If Ross could prove copyright infringement, in Australia a court would look at the loss suffered by Ross as a result of LMFAO’s infringement. But has the value of “Hustlin’” been adversely affected? The songs were released nearly five years apart and the similarity may have actually increased interest in the earlier “Hustlin’”. Ross could still argue that the value of copyright in “Hustlin’” depreciated due to the infringement, and a court may look at the fees that LMFAO should have paid in order to use Ross’ phrase lawfully.
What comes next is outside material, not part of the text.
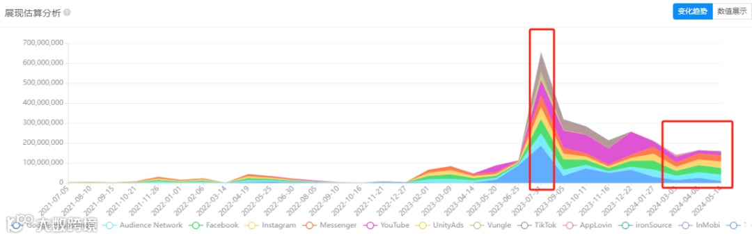 起量时间同样在6月下旬,7月去重后素材为4612,环比增长200%以上,8月投放力度同样开始下滑,9月之后月投放恢复至2500-1500之间。2024年3月上线新增市场后,月去重素材量依然不超过2500。

Although we’re no experts in US copyright law, a major difference between US and Australian copyright law is that there is currently no general “fair use” defence for copyright infringement in Australia (however the Australian Law Reform Commission has proposed to change this – see IP Whiteboard’s Anna Spies and Maurice Gonsalves’ alert about the proposals here). The Australian Copyright Act 1968 currently only allows “fair dealing” with copyrighted works for certain purposes such as research, study, criticism, parody, satire and reporting news – none of which are likely to apply in LMFAO’s case – whereas US copyright law allows for limited use of copyrighted materials without the permission of the copyright owner if the particular use is fair, which is broader than the current Australian position. Ross may well argue the fair use defence in the US proceedings.  

Interestingly, Ross is no stranger to legal disputes, having recently won a battle with former drug dealer “Freeway” Ricky Ross who had claimed Rick Ross appropriated his name and likeness. The proceedings also included Warner Bros. Records, Universal Music and Jay Z as defendants.